Is Open Source the solution?

It is far too early to predict accurately which programming models will be most popular for each architecture. The Sierra system will be one of the largest supercomputers in the world and will be based on IBM’s OpenPower system using Nvidia Volta GPUs. The work done on these IBM systems will likely pave the way for HPC centres that want to make use of the IBM systems in later years.

The US national labs are in a unique position when it comes to the supercomputer market. Because they are in the vanguard of introducing new HPC machines using innovative hardware, they must also try new technologies and develop methods to scale and sustain their software applications without the help of the larger community.

Although the hardware suppliers may always be competitors to each other, Steve Conway, research vice president, high performance computing at the IDC suggests that the increasing complexity of the new programming models will drive collaboration among HPC software developers. They will rely on tools and knowledge provided by their colleagues to help drive software scalability forward in HPC.

Conway said: ‘Ecosystems are going to be increasingly partnering with, or at least driven by, the open source community. The Intel ecosystem will be very heavily dependent on Open Source. OpenPower, as the name implies, will be as well.’

He explained that this could eventually produce a software ecosystem whereby you would have specific vendors distributing their own versions ‘that are consistent with the open source versions’ but that add functionality through proprietary features or tools.

New technologies split the knowledge-base

In this way, it seems increasingly likely that HPC developers will need to rely on a community-driven software ecosystem for software scalability in the future. However the number and size of these communities that can be supported by the HPC community is uncertain, as each new community effectively splits the knowledge-base into factions that support a specific technology platform.

This was view espoused by Snell who warned that while specialised hardware enables these increases in parallelism, they are also splitting the code base between Intel and IBM, or those that use Nvidia GPUs and those who use Xeon Phi.

But even this does not account for all the hardware technologies available today. Newer technologies – one might think of ARM and FPGAs – and those without a sufficiently strong user-base behind them may find difficulty in supporting HPC users adapting to the changing landscape of software programming at increased scale and parallelism.
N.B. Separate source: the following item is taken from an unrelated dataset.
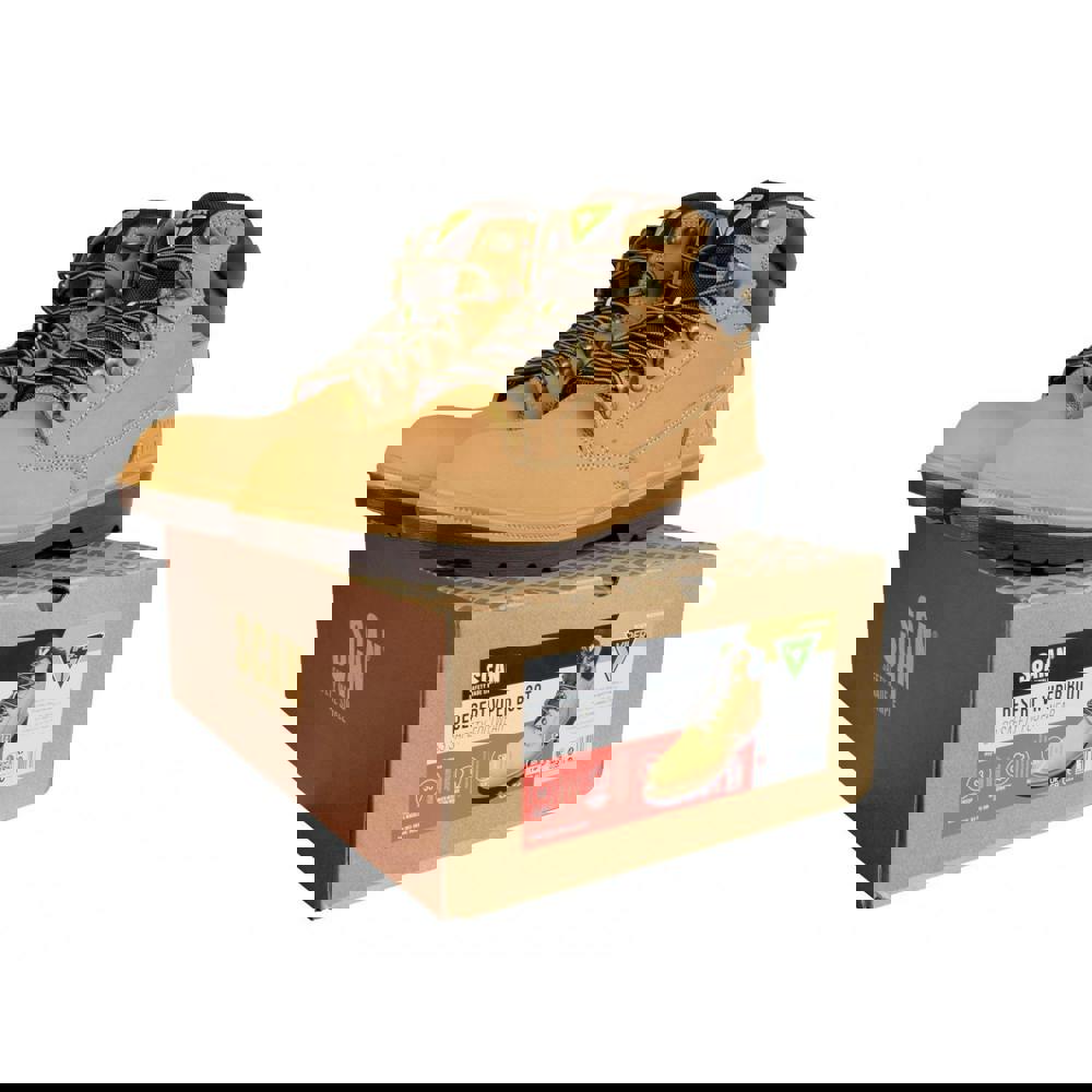 Scan Desert Viper S3 Safety Boots are built with action nubuck leather, water-resistant uppers and a padded mesh liner. Protection includes 200-joule steel toecaps and penetration-resistant steel midsoles, supported by an EN ISO 20345-2022 test standard and an S3 SR FO safety rating.

Now you have to have specialised tools for the various architectures. Ultimately they can be incredibly useful but without adoption they will fail,’ said Snell.

This may bring smaller technologies or groups of users together and drive them towards more established open source communities so that they can share from the knowledge provided by the developer community.

Conway said: ‘Even with the software stack as it is, it is becoming too onerous for one single organisation to take that on. The requirements are just exploding. You need more hands. You really need a whole community, in the order of Linux, to move things forward.

‘I think we are moving into a world of reference architectures that correspond to specific ecosystems,’ Conway concluded.

The HPC community needs to cultivate and maintain a skilled base of systems engineers, application developers, and software scientists to drive the development of the next-generation tools that will be needed. But Conway stressed that one of the issues facing the HPC community was the size of the workforce and the level of its development.

As the HPC market searches for the optimal strategy to reach exascale, it is clear that the major roadblock to improving the performance of applications will be the scalability of software, rather than the hardware configuration – or even the energy costs associated with running the system.

This story appears here as part of a cross-publishing agreement with Scientific Computing World.